▶ **Your objective**
Below are entries with pictures in them. Output exactly the lines starting at the line with "经过前几轮赛事的激烈角逐,人" and ending at the line with "Takovou toaletní tašku", both included, but not the pictures.

++++ Data section

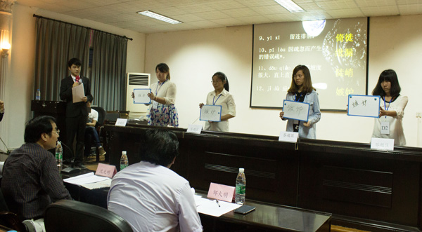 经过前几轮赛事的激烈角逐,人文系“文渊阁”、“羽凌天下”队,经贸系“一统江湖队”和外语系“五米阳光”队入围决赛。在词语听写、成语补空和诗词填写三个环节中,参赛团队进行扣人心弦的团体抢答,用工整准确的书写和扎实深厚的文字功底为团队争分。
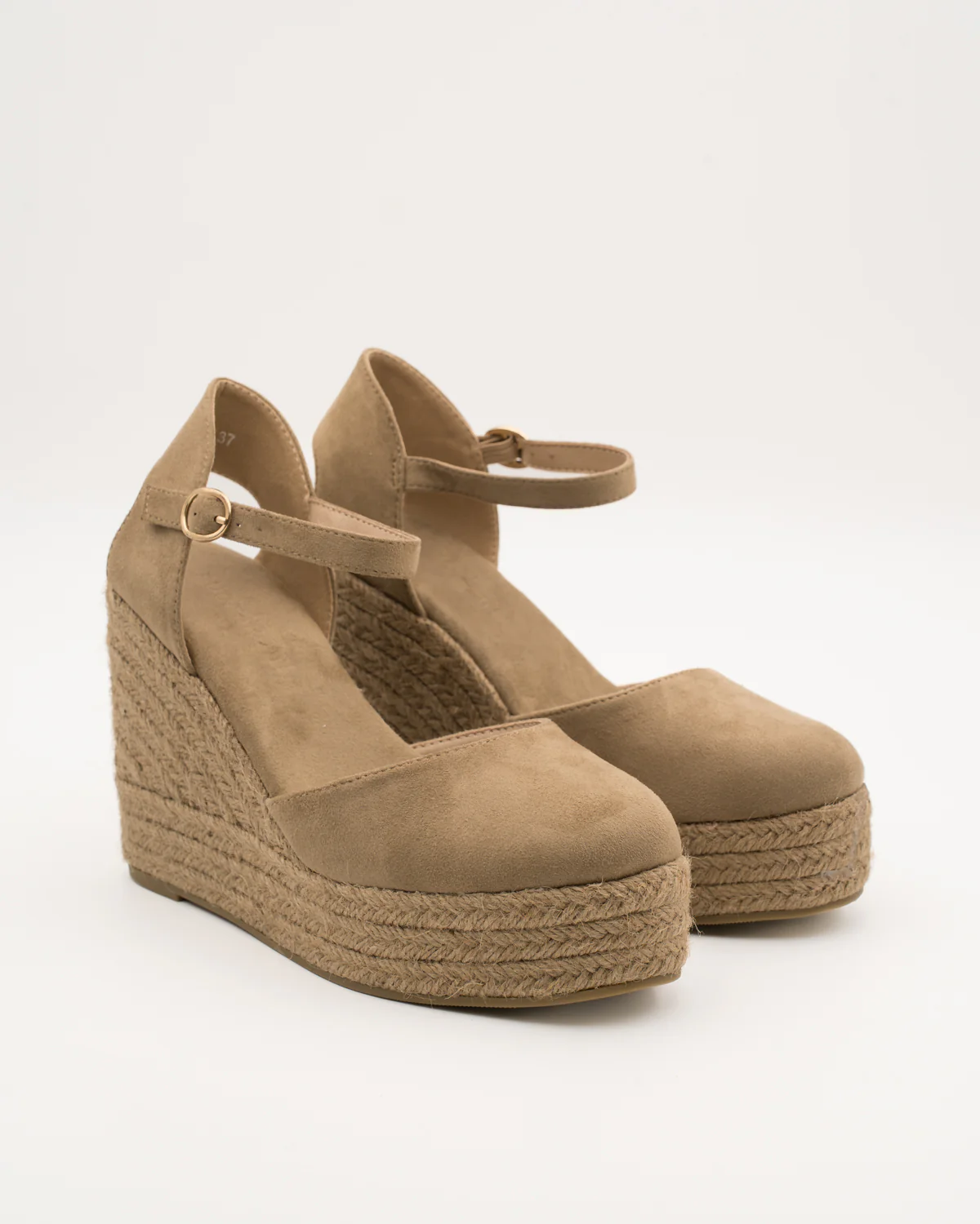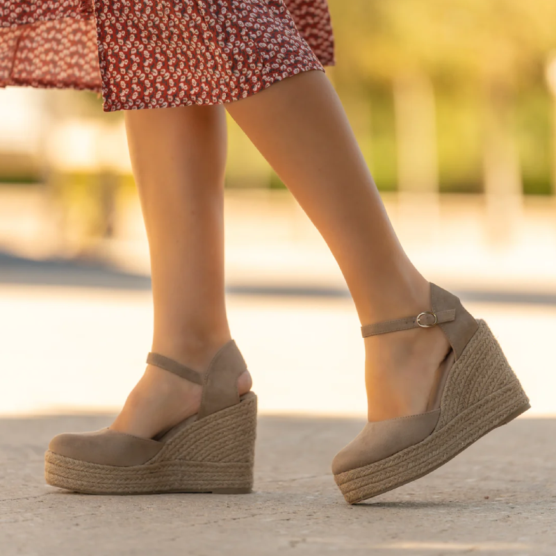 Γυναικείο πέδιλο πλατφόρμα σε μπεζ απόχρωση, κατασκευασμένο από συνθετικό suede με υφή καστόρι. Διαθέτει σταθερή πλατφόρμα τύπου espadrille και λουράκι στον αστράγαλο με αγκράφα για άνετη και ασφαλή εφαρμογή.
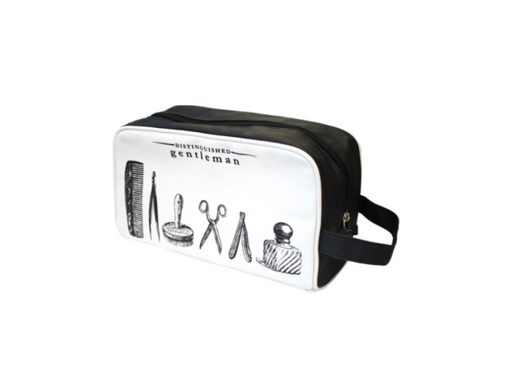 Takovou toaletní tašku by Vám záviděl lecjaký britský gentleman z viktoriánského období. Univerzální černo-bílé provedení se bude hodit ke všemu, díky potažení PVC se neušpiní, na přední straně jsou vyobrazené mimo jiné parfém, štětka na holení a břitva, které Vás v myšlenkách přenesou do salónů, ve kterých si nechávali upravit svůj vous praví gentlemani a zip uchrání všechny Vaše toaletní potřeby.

++++++++
++++ Data section

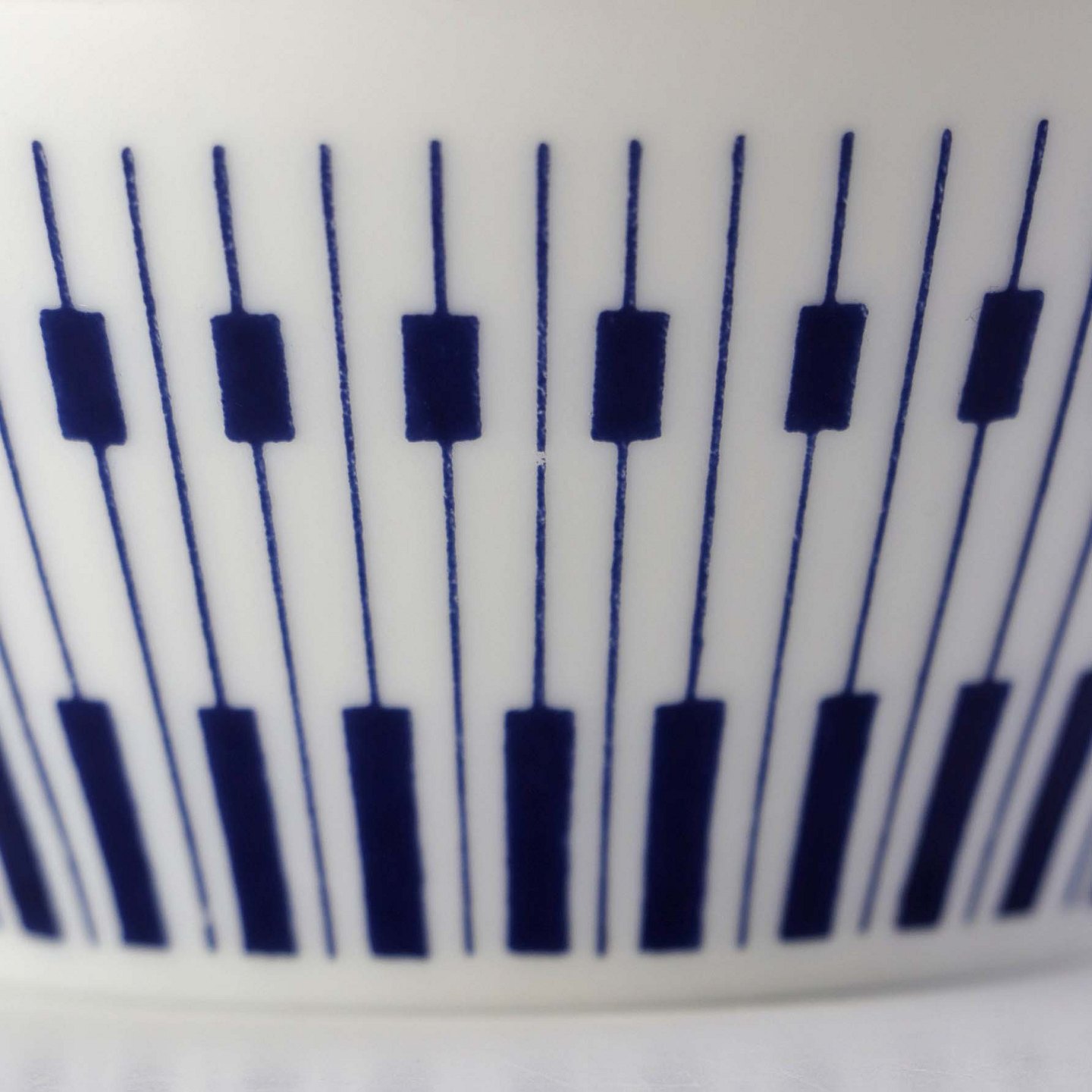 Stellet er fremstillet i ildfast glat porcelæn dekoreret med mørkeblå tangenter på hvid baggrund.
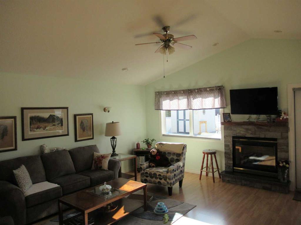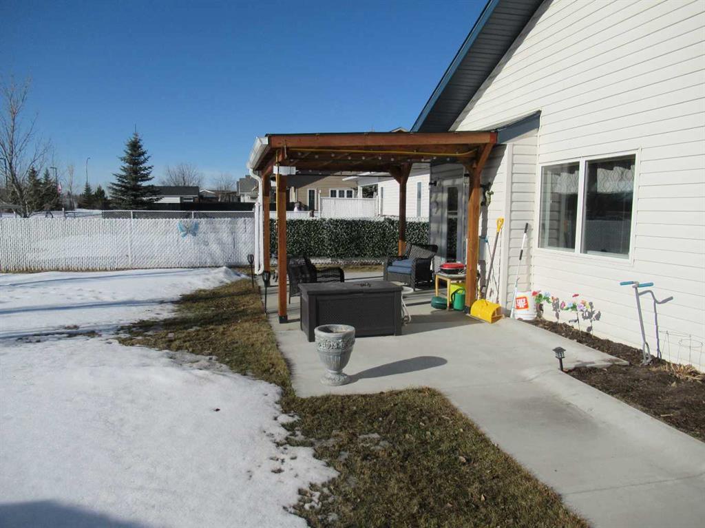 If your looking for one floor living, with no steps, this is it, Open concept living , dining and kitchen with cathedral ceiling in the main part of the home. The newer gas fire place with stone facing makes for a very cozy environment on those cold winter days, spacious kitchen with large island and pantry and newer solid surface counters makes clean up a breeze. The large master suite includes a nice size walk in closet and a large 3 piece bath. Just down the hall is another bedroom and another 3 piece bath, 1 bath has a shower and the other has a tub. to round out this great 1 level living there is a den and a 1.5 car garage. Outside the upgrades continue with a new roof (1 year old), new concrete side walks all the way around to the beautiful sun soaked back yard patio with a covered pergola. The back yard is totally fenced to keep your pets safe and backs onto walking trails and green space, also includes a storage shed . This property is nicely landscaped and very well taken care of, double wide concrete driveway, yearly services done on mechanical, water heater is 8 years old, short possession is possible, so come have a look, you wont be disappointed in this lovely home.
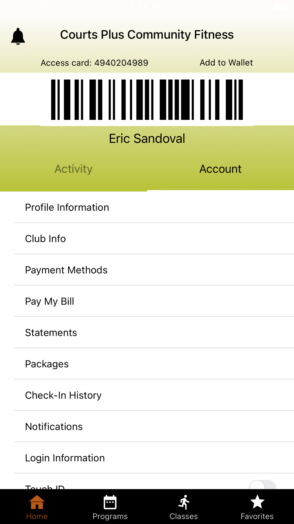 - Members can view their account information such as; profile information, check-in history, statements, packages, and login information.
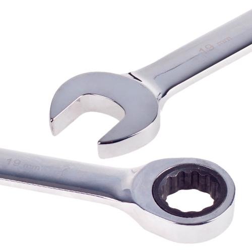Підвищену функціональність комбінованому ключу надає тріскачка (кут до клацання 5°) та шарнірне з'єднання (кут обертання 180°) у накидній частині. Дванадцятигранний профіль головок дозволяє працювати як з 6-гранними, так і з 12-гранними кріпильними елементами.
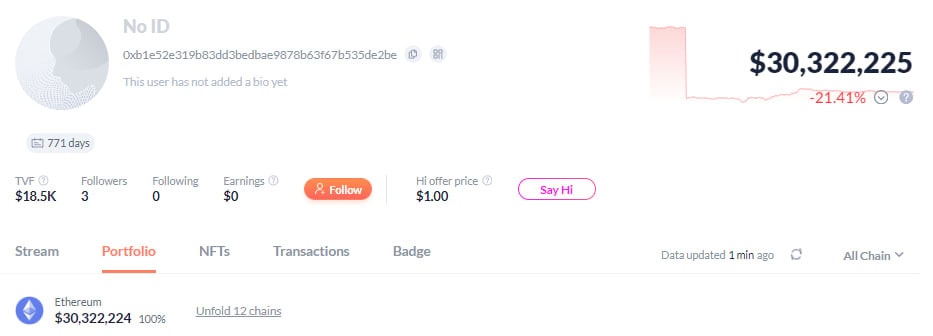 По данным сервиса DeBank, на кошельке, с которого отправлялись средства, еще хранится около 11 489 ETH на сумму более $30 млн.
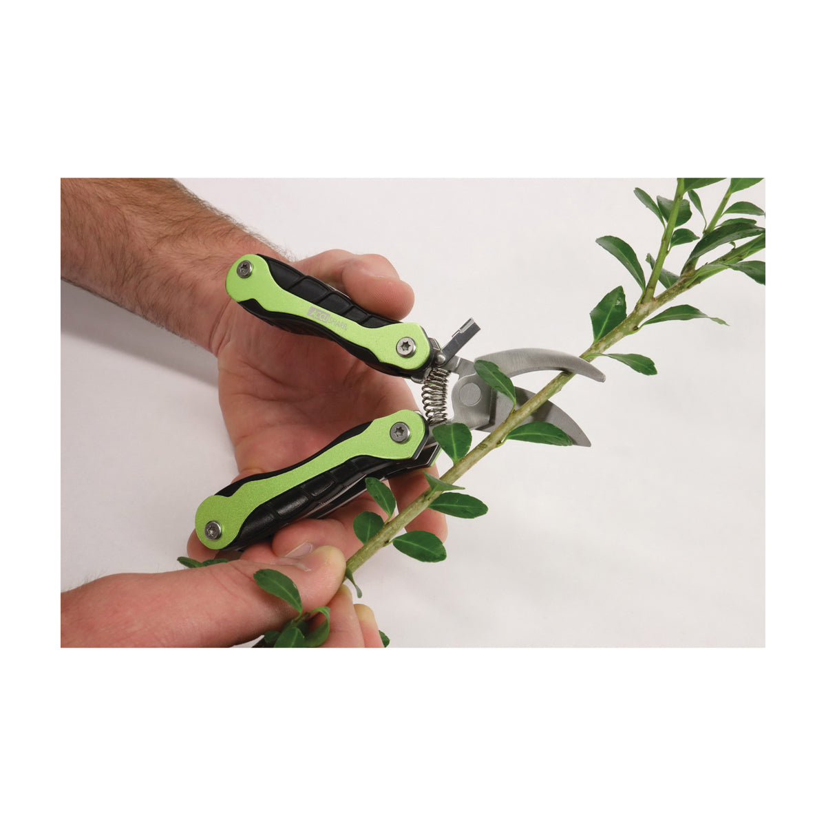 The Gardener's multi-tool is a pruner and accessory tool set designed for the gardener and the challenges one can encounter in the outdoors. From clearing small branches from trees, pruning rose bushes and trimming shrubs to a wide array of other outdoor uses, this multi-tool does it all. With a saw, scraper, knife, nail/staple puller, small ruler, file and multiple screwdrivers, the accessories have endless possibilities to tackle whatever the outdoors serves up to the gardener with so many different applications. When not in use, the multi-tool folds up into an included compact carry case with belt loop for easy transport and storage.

++++++++

▶ **Exercise answer**
 经过前几轮赛事的激烈角逐,人文系“文渊阁”、“羽凌天下”队,经贸系“一统江湖队”和外语系“五米阳光”队入围决赛。在词语听写、成语补空和诗词填写三个环节中,参赛团队进行扣人心弦的团体抢答,用工整准确的书写和扎实深厚的文字功底为团队争分。
 Γυναικείο πέδιλο πλατφόρμα σε μπεζ απόχρωση, κατασκευασμένο από συνθετικό suede με υφή καστόρι. Διαθέτει σταθερή πλατφόρμα τύπου espadrille και λουράκι στον αστράγαλο με αγκράφα για άνετη και ασφαλή εφαρμογή.
 Takovou toaletní tašku by Vám záviděl lecjaký britský gentleman z viktoriánského období. Univerzální černo-bílé provedení se bude hodit ke všemu, díky potažení PVC se neušpiní, na přední straně jsou vyobrazené mimo jiné parfém, štětka na holení a břitva, které Vás v myšlenkách přenesou do salónů, ve kterých si nechávali upravit svůj vous praví gentlemani a zip uchrání všechny Vaše toaletní potřeby.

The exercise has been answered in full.